Key Point 3: NVIDIA is expected to launch a new inference chip, the LPU, to strengthen its inference product line. NVIDIA is likely to elevate AI inference to a system-level infrastructure, with the LPU + CPX pooled disaggregation solution reinforcing the inference product portfolio. Regarding the LPU: At the GTC conference, the firm expects NVIDIA to introduce a new inference chip integrating Groq's LPU technology. It is anticipated to feature a custom chip architecture specifically designed for LLM inference, a redesigned Tensor Streaming Processor, and the use of SRAM for on-chip memory, significantly boosting data storage and retrieval speeds, making it highly suitable for the high bandwidth demands of the decoding phase. Regarding CPX: NVIDIA's Rubin CPX, launched in 2025, can effectively reduce costs in the prefill phase and might utilize GDDR7 or HBM3E as the primary memory specification. In terms of product form factor, according to SemiAnalysis, the CPX might shift from being integrated into the Rubin Compute Tray to being shipped as an independent rack alongside the NVL72 VR200. Based on industry chain information, the LPU might also be released as a 256-card LPX independent rack.

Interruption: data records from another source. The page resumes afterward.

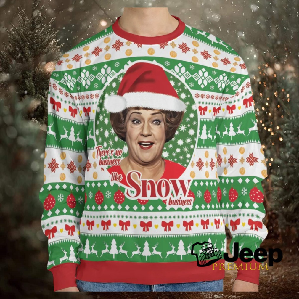 This sweatshirt is a perfect fit for movie buffs, theater lovers, and anyone with a great sense of humor who enjoys making a statement during the holiday season. It’s an ideal gift for a friend or family member who appreciates witty apparel and wants to bring a touch of old Hollywood charm to their Christmas celebrations. Wear it to an ugly sweater contest, a casual family gathering, or even while decorating the tree. The second image provides a detailed look at the festive yet funny aesthetic that makes this “There’s No business” sweatshirt a holiday essential for those who dare to be different.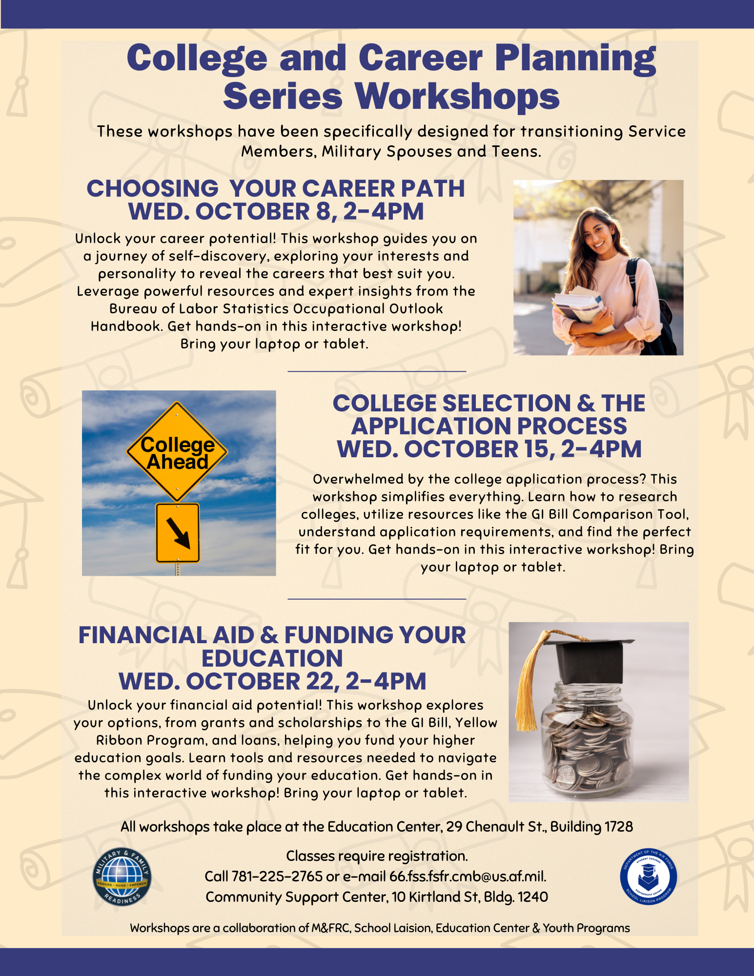 The Hanscom Education Center will host the second session of the College and Career Planning Series Oct. 15 from 2 to 4 p.m. at building 1728. The workshop, College Selection and the Application Process, will guide participants through researching schools, understanding application requirements, and utilizing resources such as the GI Bill Comparison Tool. The session is open to transitioning service members, military spouses, and teens. Attendees should bring a laptop or tablet.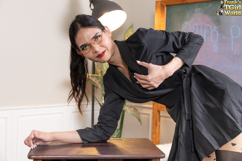 Ploy is back in this fun role-play cosplay where she is your personal teacher and she has something big and hard to discipline you. She is a doll and this sexy Bangkok Ladyboy is not only sweet and beautiful but she has got a massive thick cock. Between you and me she loves to use it, hope you are ready for it.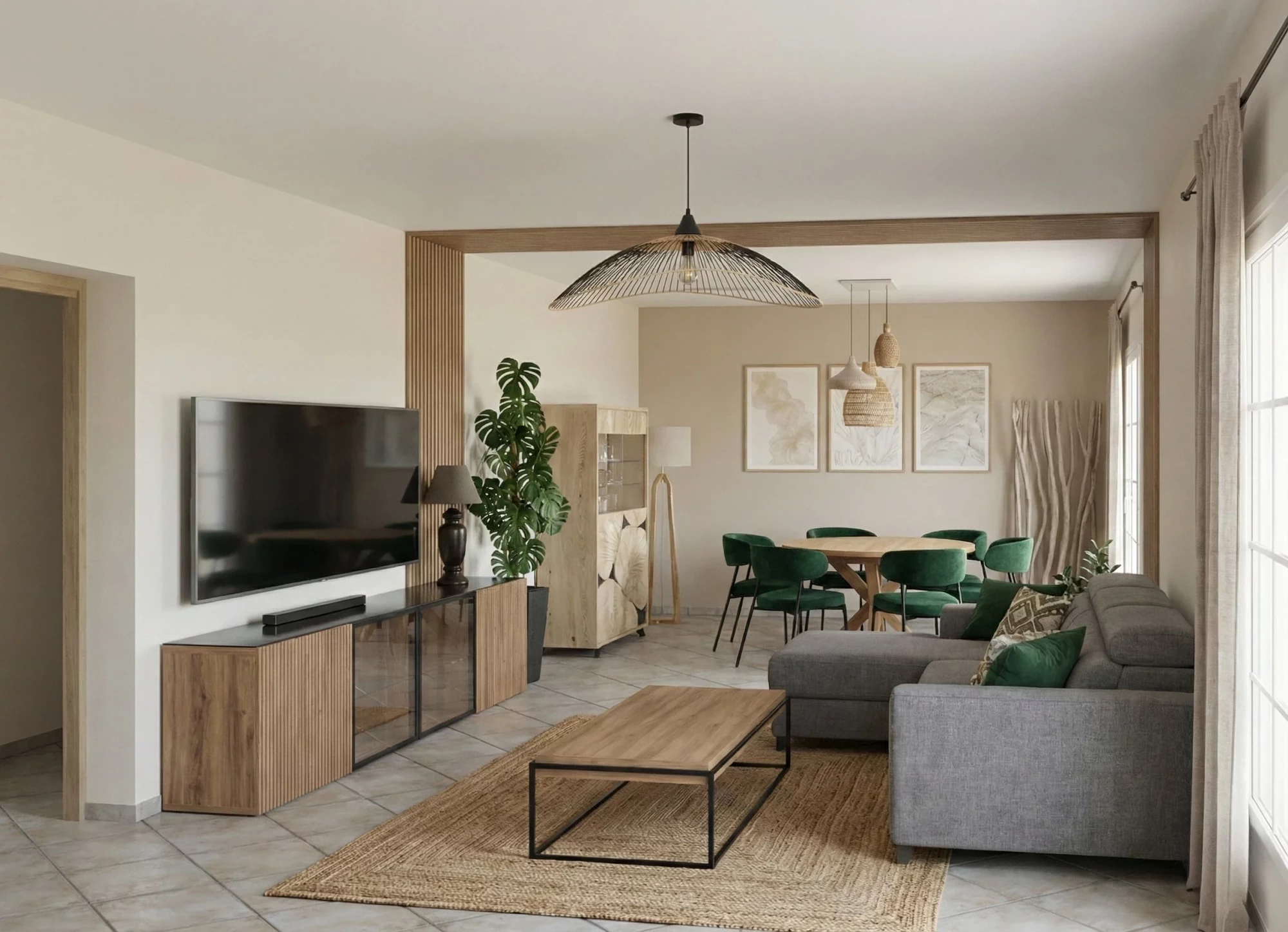 Ma cliente voulait atténuer sa déco , très marquée « style industriel » et voulait revenir à une ambiance plus douce et chaleureuse. Certains éléments de mobilier étaient à conserver : une console et le meuble télé notamment. Pour compléter, ma cliente souhaitait un canapé xxl et une table extensible entre autres. Elle a opté pour une formule croquis déco avec liste d’achats et une deuxième configuration de canapé.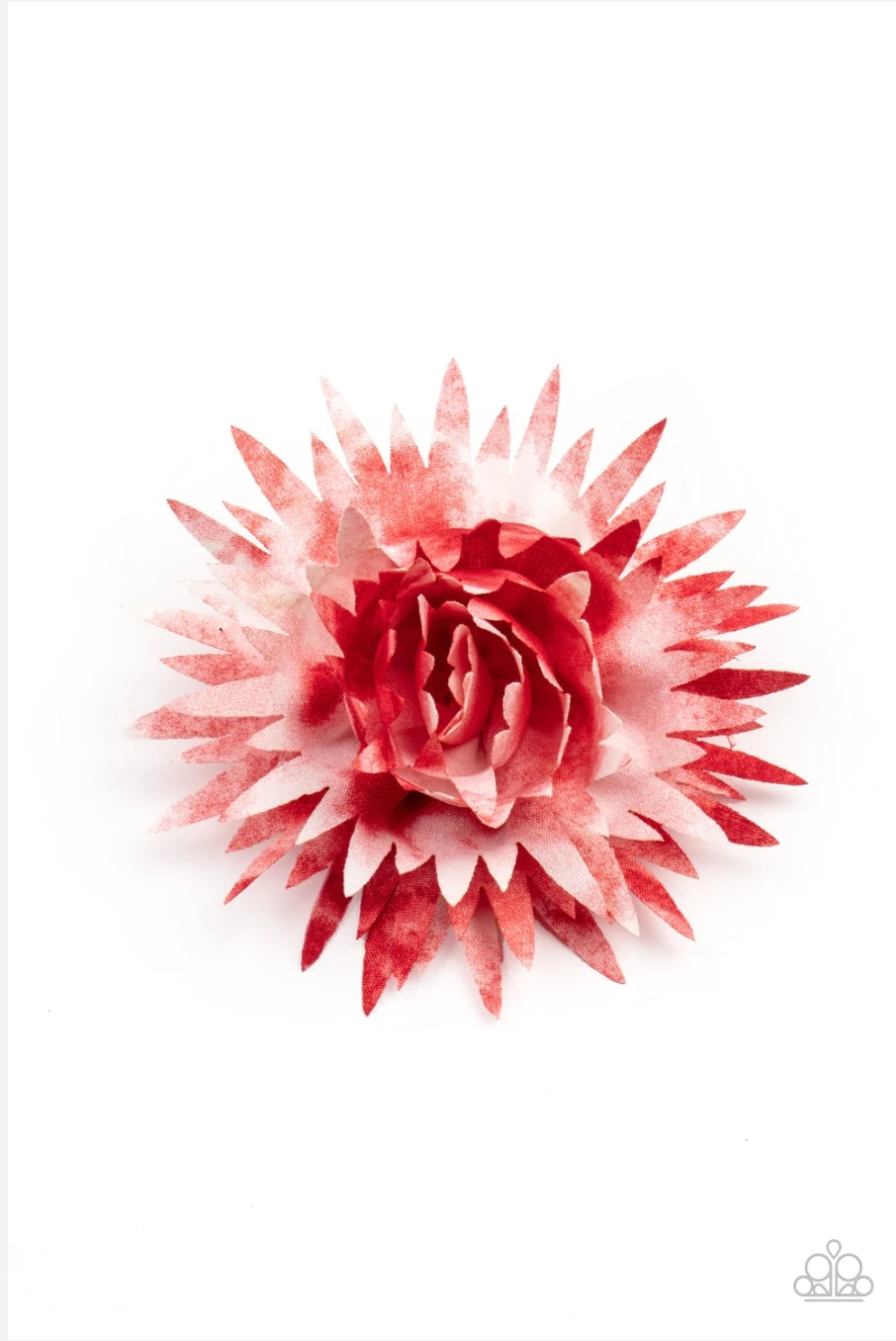Featuring red tie dye accents, boisterous petals bloom into a bouncy blossom. Features a standard hair clip on the back.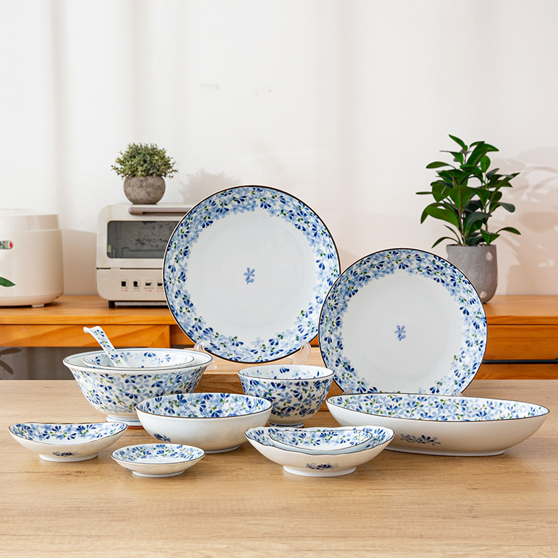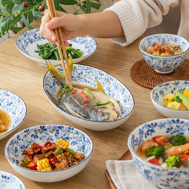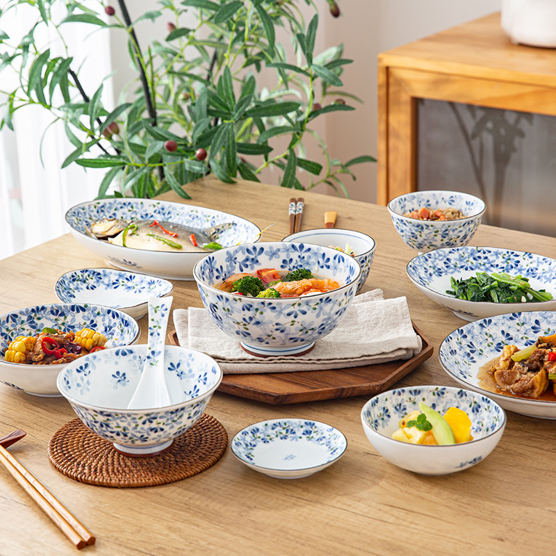 光峰小蓝芽碗日本进口陶瓷饭碗汤碗面碗大碗盘子家用日式餐具小碗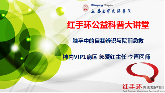 为进一步提高咸阳地区人民群众对脑卒中防治知识知晓率和控制率,倡导人民群众健康的生活方式,实现脑卒中的早期预防、早期诊断、早期治疗,降低脑卒中发病率、复发率、致残率及死亡率。11 月 04 日上午,我院神经内科贵宾一病区红手环志愿者服务团的志愿者们以实际行动,践行红手环精神,开展了红手环公益科普大讲堂,获得了巨大的反响。
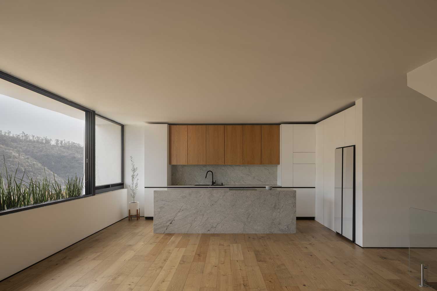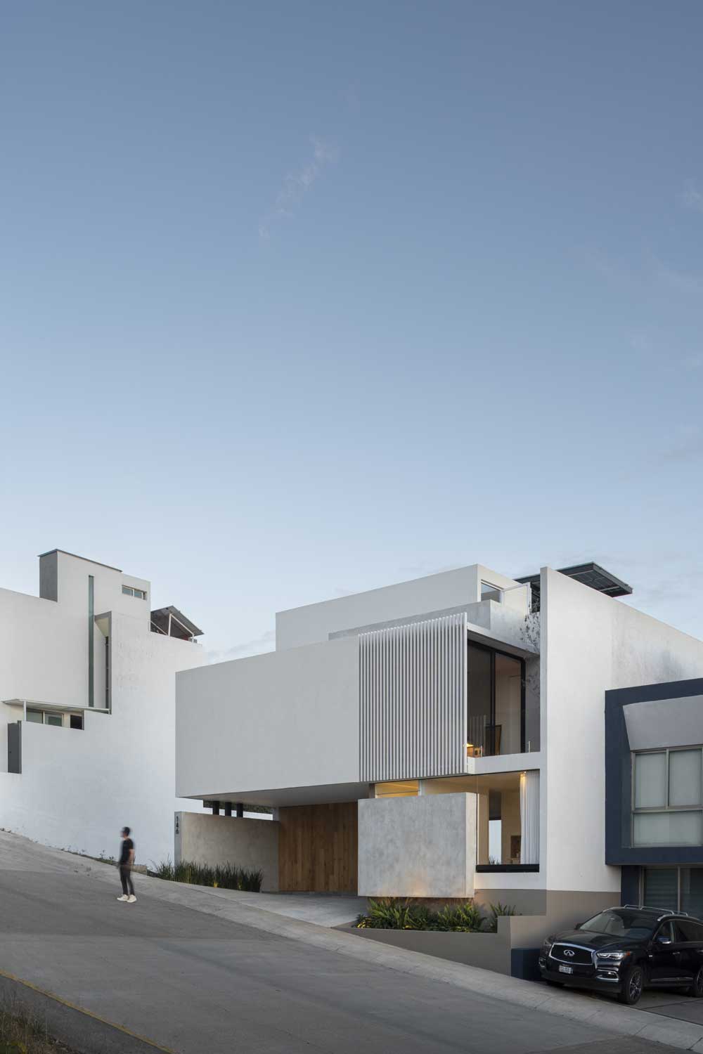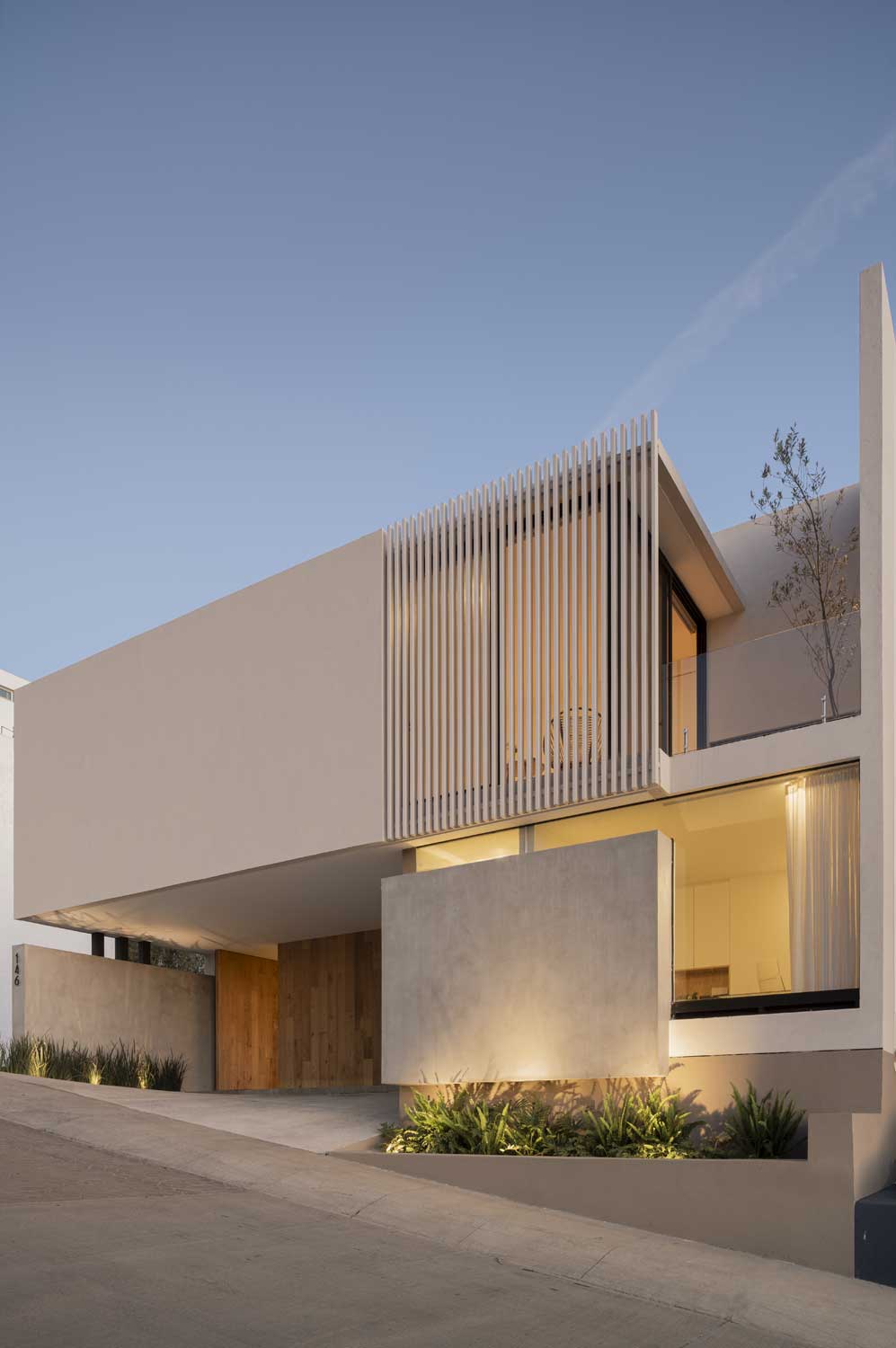 Ubicada en un fraccionamiento privado en la zona alta de Morelia, Michoacán, la casa aprovecha su emplazamiento para capturar vistas privilegiadas de la ciudad y sus atardeceres.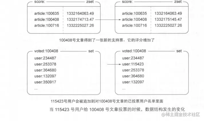 在实现投票功能之前,让我们来看看下图∶这幅图展示了当 115423 号用户给 100408 号文章投票的时候,数据结构发生的变化。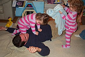 floor with both kids, practicing the dad thing. (ed- they're not pregnant yet, but that's the plan for after he gets his doctorate and enters the job market) |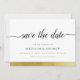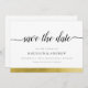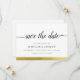 Elegante tarjeta de guardar la fecha de boda con caligrafía moderna simple en negro y blanco con foil dorado. Si lo desea, agregue una foto en la parte trasera. Para una personalización más avanzada de este diseño, por favor haga clic en el botón "PERSONALIZAR" arriba.

Key Point 4: Potential outlook on upgrade directions for the next-generation Feynman architecture. Design trends for NVIDIA's next-generation Feynman architecture are garnering increasing industry attention, and NVIDIA might showcase related content at GTC 2026. Based on current industry information, Trendforce expects Feynman to be among the first chips adopting TSMC's A16 process. For power delivery, it might utilize Super Power Rail backside power delivery, freeing up more routing space, and could potentially incorporate 3D stacking technology for integration with Groq's LPU hardware stack, among other features. Regarding the implementation timeline, production could commence in 2028, with customer shipments starting from 2029. While specific details of the Feynman architecture remain unclear, the firm believes NVIDIA's understanding of future upgrade paths for the AI computing infrastructure is critically important. Against the backdrop of slowing Moore's Law, how innovation in computing power, storage power, and network power will support the continuous iteration of the AI industry, the evolving roles of training and inference, and the visibility of AI investment return cycles are areas where NVIDIA might provide more inspiration and surprises at the GTC conference.
Risk factors include geopolitical risks, slower-than-expected volume ramp-up of new products from overseas computing power leaders, weaker-than-expected growth in AI market demand, risks of continued price increases for components like memory, risks associated with technological changes and product iterations, policy regulation and data privacy risks, and intensifying competition in the PCB industry.